*** WORKING DATA Section Begins ***
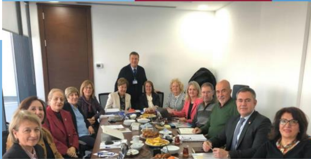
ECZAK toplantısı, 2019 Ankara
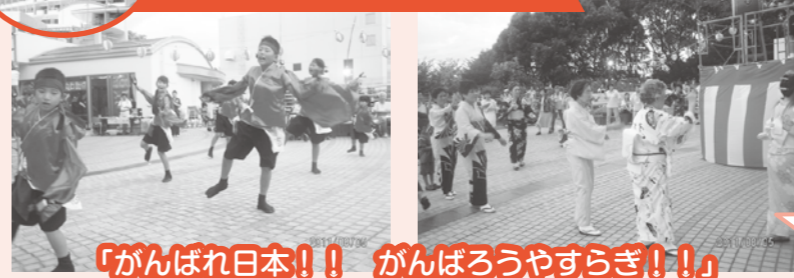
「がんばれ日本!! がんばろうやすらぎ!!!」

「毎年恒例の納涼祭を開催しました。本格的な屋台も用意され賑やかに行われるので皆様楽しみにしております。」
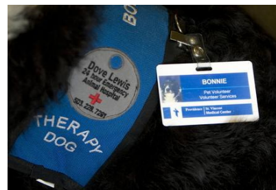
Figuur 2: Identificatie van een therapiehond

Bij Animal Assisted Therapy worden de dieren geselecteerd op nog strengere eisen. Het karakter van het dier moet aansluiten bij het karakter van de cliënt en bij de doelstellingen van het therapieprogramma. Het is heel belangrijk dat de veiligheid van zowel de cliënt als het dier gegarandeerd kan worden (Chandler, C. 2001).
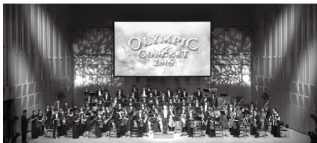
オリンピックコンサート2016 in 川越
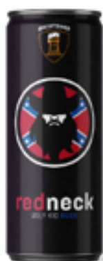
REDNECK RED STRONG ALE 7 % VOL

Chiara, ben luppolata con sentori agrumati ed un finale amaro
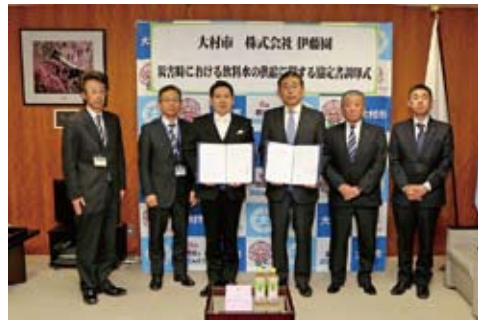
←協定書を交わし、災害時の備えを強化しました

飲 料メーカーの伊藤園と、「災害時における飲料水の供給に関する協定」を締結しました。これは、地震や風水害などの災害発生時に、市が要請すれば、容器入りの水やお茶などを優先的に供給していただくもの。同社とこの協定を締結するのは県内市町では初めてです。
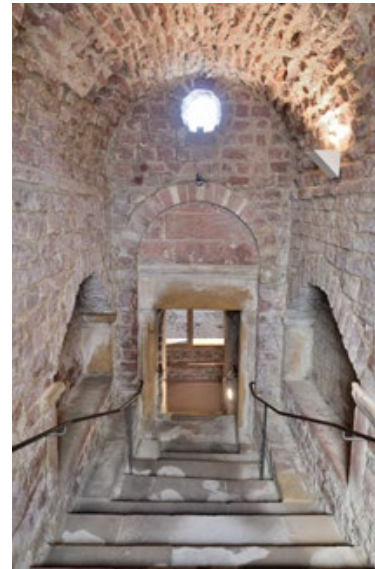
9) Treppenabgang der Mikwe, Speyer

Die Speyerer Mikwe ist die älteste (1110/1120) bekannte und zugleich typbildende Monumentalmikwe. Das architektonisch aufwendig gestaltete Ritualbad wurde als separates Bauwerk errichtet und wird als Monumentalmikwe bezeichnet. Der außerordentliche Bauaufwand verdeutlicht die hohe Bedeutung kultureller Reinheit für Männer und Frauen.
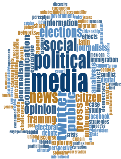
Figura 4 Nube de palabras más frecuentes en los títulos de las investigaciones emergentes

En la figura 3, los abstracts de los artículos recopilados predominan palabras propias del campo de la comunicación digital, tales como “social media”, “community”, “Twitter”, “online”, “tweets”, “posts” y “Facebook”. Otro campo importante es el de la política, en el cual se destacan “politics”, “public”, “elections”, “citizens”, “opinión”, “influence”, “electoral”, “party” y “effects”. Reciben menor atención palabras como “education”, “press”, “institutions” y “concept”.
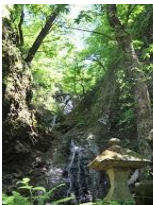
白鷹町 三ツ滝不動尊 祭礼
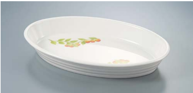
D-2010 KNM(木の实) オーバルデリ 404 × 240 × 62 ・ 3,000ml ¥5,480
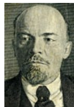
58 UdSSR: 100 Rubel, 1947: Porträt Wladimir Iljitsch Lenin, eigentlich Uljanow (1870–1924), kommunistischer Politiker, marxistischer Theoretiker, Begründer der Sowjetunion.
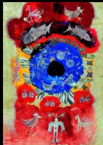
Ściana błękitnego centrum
*** WORKING DATA Section Ends ***
### WHAT YOU WILL DO
Copy the lines above between the one holding "オリンピックコンサート2016 in 川越" and the one holding "Figura 4 Nube", inclusive. Drop the pictures.

### TASK SOLUTION
オリンピックコンサート2016 in 川越
REDNECK RED STRONG ALE 7 % VOL

Chiara, ben luppolata con sentori agrumati ed un finale amaro
←協定書を交わし、災害時の備えを強化しました

飲 料メーカーの伊藤園と、「災害時における飲料水の供給に関する協定」を締結しました。これは、地震や風水害などの災害発生時に、市が要請すれば、容器入りの水やお茶などを優先的に供給していただくもの。同社とこの協定を締結するのは県内市町では初めてです。
9) Treppenabgang der Mikwe, Speyer

Die Speyerer Mikwe ist die älteste (1110/1120) bekannte und zugleich typbildende Monumentalmikwe. Das architektonisch aufwendig gestaltete Ritualbad wurde als separates Bauwerk errichtet und wird als Monumentalmikwe bezeichnet. Der außerordentliche Bauaufwand verdeutlicht die hohe Bedeutung kultureller Reinheit für Männer und Frauen.
Figura 4 Nube de palabras más frecuentes en los títulos de las investigaciones emergentes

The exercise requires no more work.